AI and machine learning algorithms are getting better at predicting actions in videos.
The best of current algorithms can predict quite precisely where a baseball will go after it has been thrown, or the appearance of a road in the sequence to come. In other words? Predicting frames in the future of a movie.
A new approach proposed by researchers at Google, University of Michigan and Adobe advances the state of the art with large-scale models that generate high-quality video from just a few frames.
“With this project we aim to obtain accurate video forecasts. We will optimize the capabilities of a neural network ", the researchers wrote in a document which describes their work.
The team model
The team's core model is based on a stochastic video generation architecture, with a component that manages the predictions of the frames following those considered.
The team trained and tested different versions of the model separately from custom datasets based on three forecast categories: interactions between objects, structured movement and partial observability.

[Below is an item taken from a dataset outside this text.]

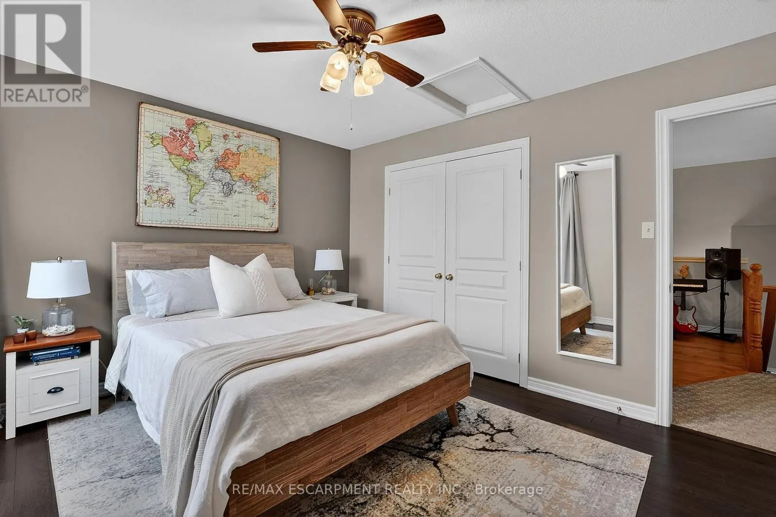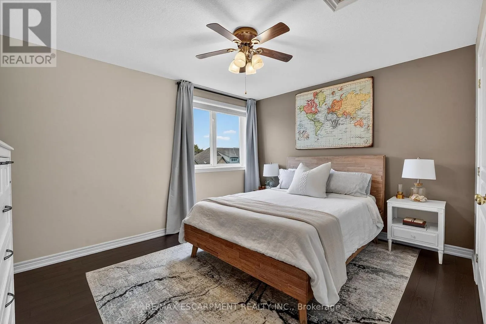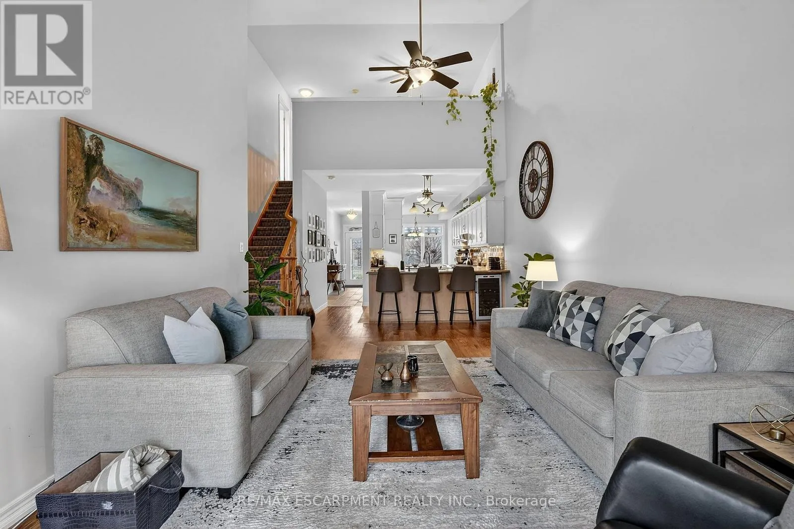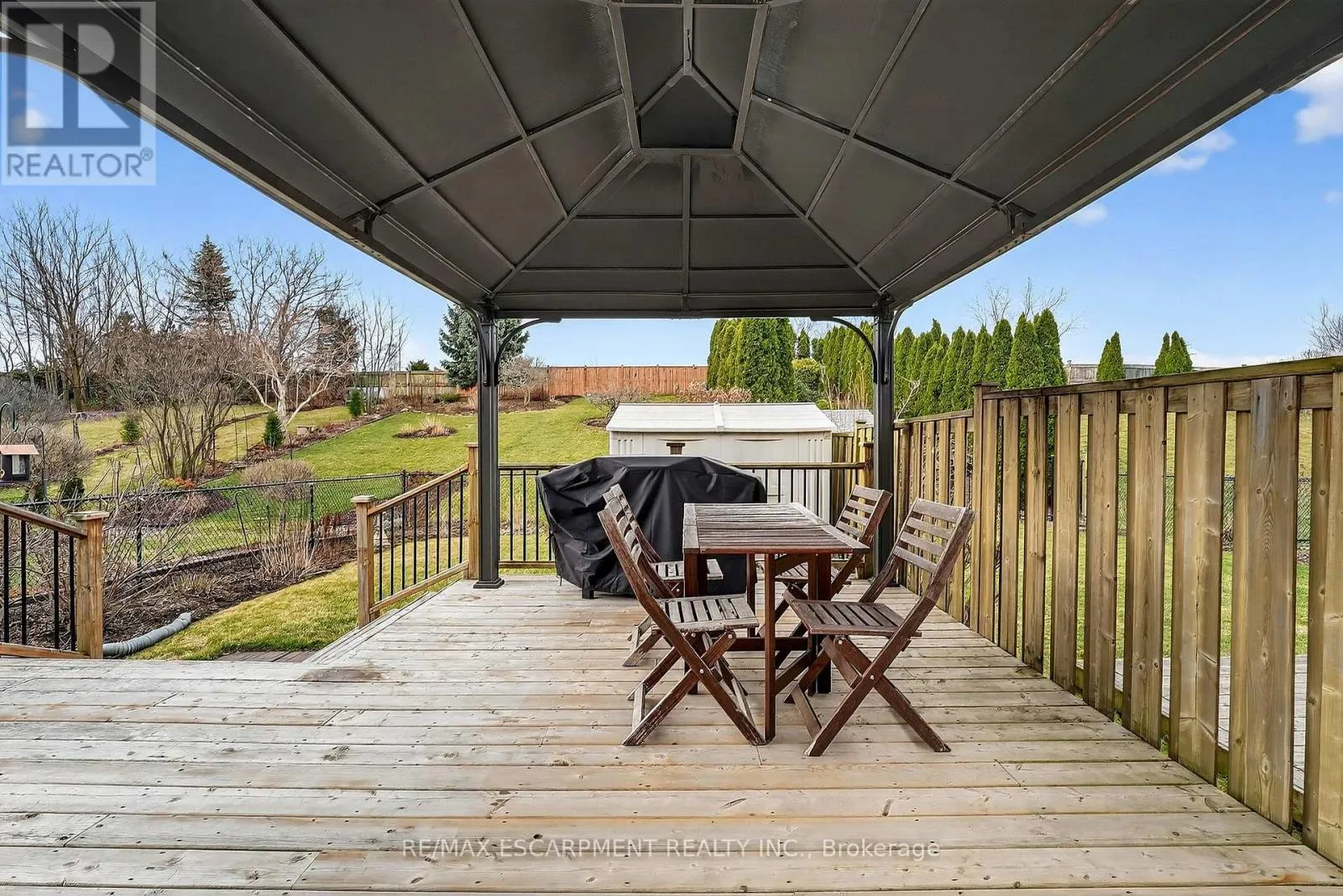 Cross Streets: Book Road. ** Directions: Book Road to Conrad Place. Tucked away on a quiet dead-end street just steps from Lake Ontario, this stylish bungaloft offers the perfect blend of comfort, privacy, and effortless living. Designed with downsizers, retirees, and empty nesters in mind, 6 Conrad Place provides the convenience of main-floor living with loads of additional space for guests and family. Set on an incredible lot with over 260 feet of depth, the backyard is ideal for morning coffee, evening wine, or entertaining friends on the spacious deck with gazebo and gas BBQ hookup. Inside, soaring vaulted ceilings and gleaming hardwood floors create a bright, welcoming living space. The eat-in kitchen is both elegant and functional, featuring granite countertops, a breakfast bar peninsula, built-in wine fridge, reverse osmosis water purification, and a premium Thermador gas range. The main-floor primary bedroom offers comfort and convenience with double closets and ensuite privilege to a spacious 4-piece bathroom. BONUS - additional laundry hookup located on the main floor for those seeking one floor living. Upstairs, a versatile loft overlooking the living room is perfect for a home office, reading lounge, or guest retreat (Murphy bed included), complemented by a second bedroom and stunning bathroom. The partially finished basement offers additional living space and excellent storage. Recent updates include new shingles (2024), EV rough-in (2025), fridge (2025), washer & dryer (2025), and new rear fence. Enjoy peaceful lakeside living in the charming town of Grimsby. (id:27476)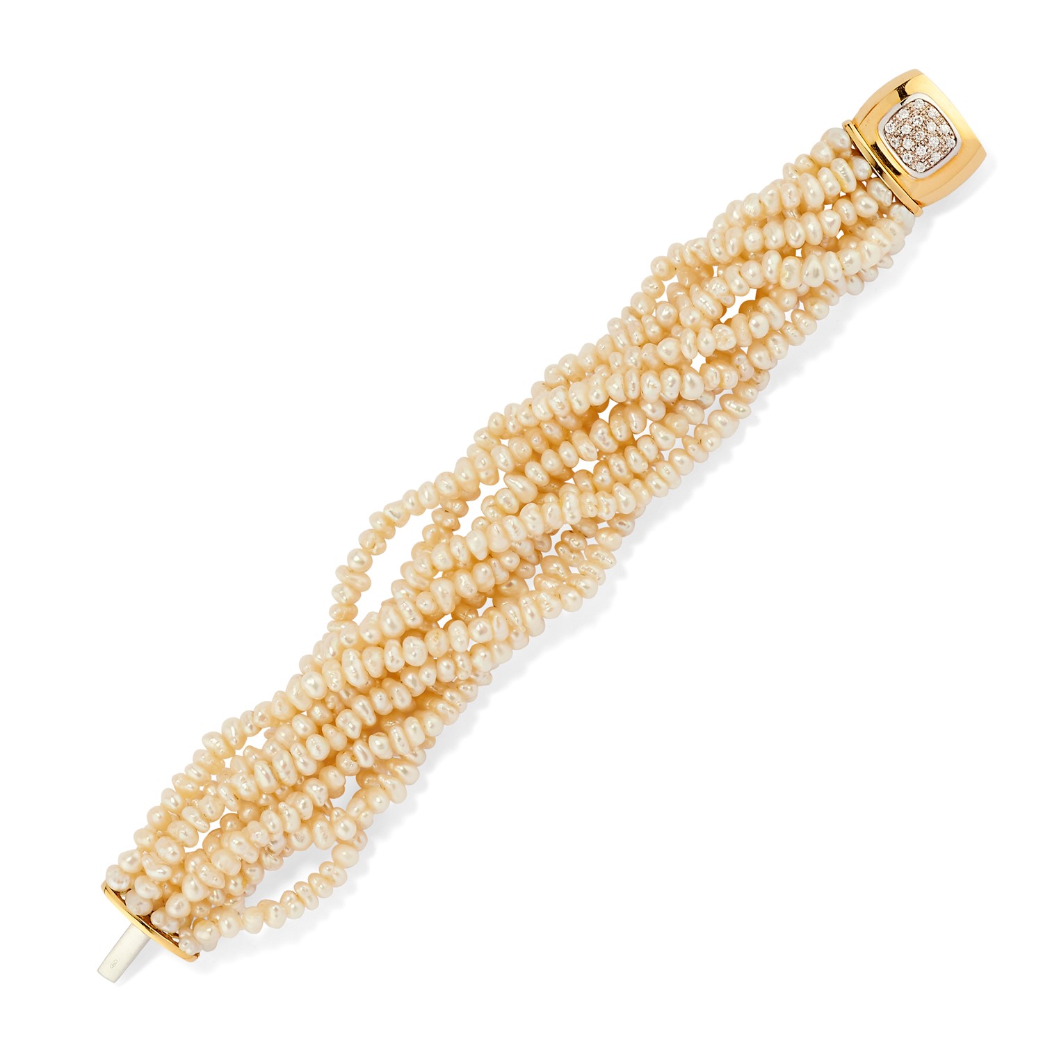 in oro giallo 18K, a nove fili di perle di fiume e diamanti taglio brillante per totale ct 0,40 circa.

For the first task (interactions with objects) the researchers selected 256 clips from a block of videos showing a robotic arm while interacting with towels.
For the second (structured movement) they edited clips from Human 3.6M, a block containing clips of humans performing actions like sitting in a chair.
As for the third (partial observability activity), used an open source KITTI driving dataset collected from footage of cameras mounted on car dashboards.
After this "training," the AI model generated up to 25 frames in the future.
Researchers report that "predictions" were preferred 90,2, 98,7% and 99,3% of the time by evaluators respectively to the three types of video: interactions between objects, structured movement and partial observability tasks. respectively.
Qualitatively, the team notes that the AI neatly represented human arms and legs and done "Very precise predictions that seemed realistic compared to the scenes represented in the video" .
"We found that maximizing the capacity of such models improves the quality of the video prediction," coauthors write. We hope our work will encourage the field to move in similar directions in the future. For example to see how far we can go ".